This example needs 9391c01 in #259

  1. Pre-process PDB Structure

Input:
3ZD5.pdb.txt

grep -v HOH 3ZD5.pdb > 3ZD5_dry.pdb

mk_prepare_receptor.py -i 3ZD5_dry.pdb \
-o 3ZD5_unbound -j \
--write_pdb 3ZD5_unbound.pdb
  1. Prepare Ligand

Input:
iminomethyl_aniline.sdf.txt

mk_prepare_ligand.py -i iminomethyl_aniline.sdf --tether_smarts "CN=C" \
--receptor 3ZD5_unbound.pdb --rec_residue B:5BU:11 --rec_tether_names "C5" "BR" \
--write_receptor
  1. Prepare Receptor
receptor_json="3ZD5_unbound_B_5BU_11_13-14.json"
ligand_pdbqt="iminomethyl_aniline_1_B_5BU_11_13-14.pdbqt"
grep -v _RES $ligand_pdbqt > box_envelop.pdbqt

mk_prepare_receptor.py -ij $receptor_json -o 3ZD5_receptor -p -g --box_envelop box_envelop.pdbqt --padding 4
  1. Export Docked Complex PDB

Input:
iminomethyl_aniline_1_B_5BU_11_13-14.dlg.txt

adgpu_output="iminomethyl_aniline_1_B_5BU_11_13-14.dlg"

mk_export.py $adgpu_output -j 3ZD5_unbound.json -p dock_complexes.pdb 

Output:
dock_complexes.pdb.txt

@rwxayheee rwxayheee marked this pull request as ready for review December 13, 2024 04:18
@rwxayheee rwxayheee requested a review from diogomart December 13, 2024 04:18
@rwxayheee rwxayheee mentioned this pull request Dec 15, 2024
@rwxayheee
Copy link
Contributor Author

rwxayheee commented Dec 15, 2024

Just one more comment: We could modularize the prepare covalent ligand function similar to the original CovalentBuilder. However, it’s not necessary for the ligand’s anchored atoms to be linked to actual atoms. Similarly, the receptor tether atoms may not originate from the same monomer (especially if metals are involved) or share the identical atom types with the ligand tether atoms. Given the wide variety of possible configurations, it seems much more convenient to just set up the tether atoms by their indices and coordinates.
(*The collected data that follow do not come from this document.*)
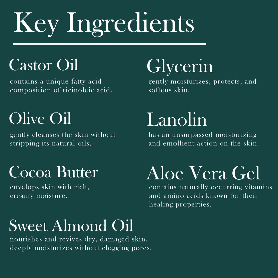 Specially formulated with Castor Oil, Cocoa Butter & Almond Oil
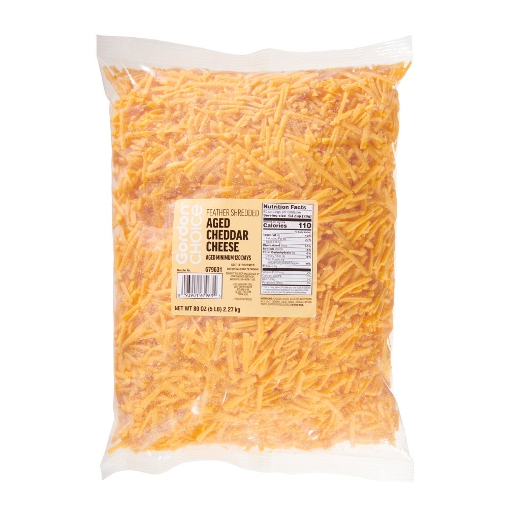 Queso cheddar añejado, rallado en plumas, 5 Libr Bol, 4/Caj
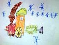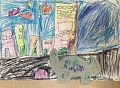 Hey Daden, We love your dinosaur!! You did a great job on your squares and rectangles for your buildings!! The colorful clouds look fun! What a wonderful picture!! Love it!!
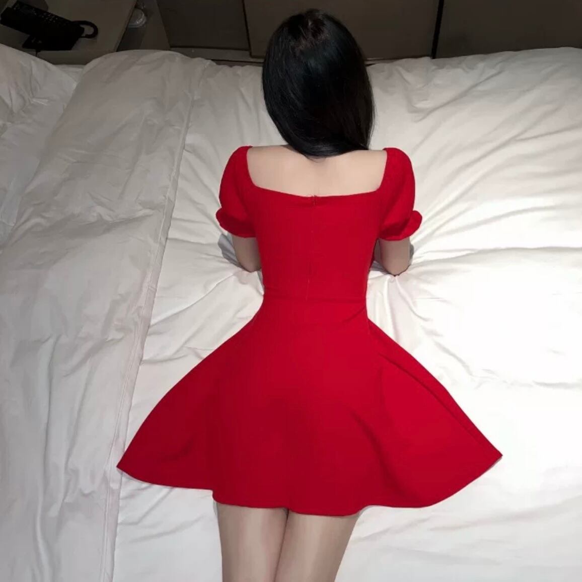 【レディース】パーティドレス フロントリボン フレア ショートドレス

This can be supplied from Python and via the transform function.

@rwxayheee rwxayheee changed the title Refactor CovalentBuilder, Enable Custom Attractors, and Export Modified Polymer to PDB Refactor CovalentBuilder, Enable Custom Tether Atoms within Receptor, and Export Modified Polymer to PDB Dec 17, 2024
@diogomart
Copy link
Contributor

Thank you for the great work!

I think we want the covalent ligand to be a monomer because it is covalently bonded to the receptor and thus it is the same molecule as the receptor. Future features that require this design are:

  1. parameterize the entire polymer including covalent attachment for MD simulation
  2. enable flexibilization of the entire sidechain, e.g. from the CA-CB bond if it's an amino acid, not just from the attachment point. Will require temporarily merging monomers as implemented in create single rdkit mol from entire chorizo #188

We discussed creating a new command line script for preparing covalent modification. Do you have more thoughts on that? I'm not sure it's a good or a bad idea, I'm bringing it up because it feels strange to have mk_prepare_ligand.py being able to fully prepare a receptor and running mk_prepare_receptor.py twice, one before and once after preparing the ligand. Although I understand why you did that and honestly can't really think of a better alternative, but maybe it's something we should discuss more to try to find a more linear workflow.

@rwxayheee
Copy link
Contributor Author

rwxayheee commented Dec 22, 2024

Hi @diogomart
Thanks for your kind response. I understand your points. Here's some tentative plan for moving forward -

parameterize the entire polymer including covalent attachment for MD simulation

This makes sense and can be very useful. But to avoid overhead I want to defer it, and not include the "parameterization of the modified polymer" in docking preparation or basic export. In this PR, I put very primitive codes into mk_export.py (but eventually I commented it out):
https://github.com/forlilab/Meeko/pull/277/files#diff-de93e8e364ffdcbdc7c1630eea2b3730eb6253e416c1a0d6ee640d2b7c9c2cfdR196-R204

This part of the code uses the two-monomer representation of target residue and covalent ligand, which is more flexible. This is useful for processing a large library of covalent ligands.
But to parameterize the modified polymer, one-monomer (combining of target residue and covalent ligand) might be easier for padding and parameterization purposes (unless the residue is too big).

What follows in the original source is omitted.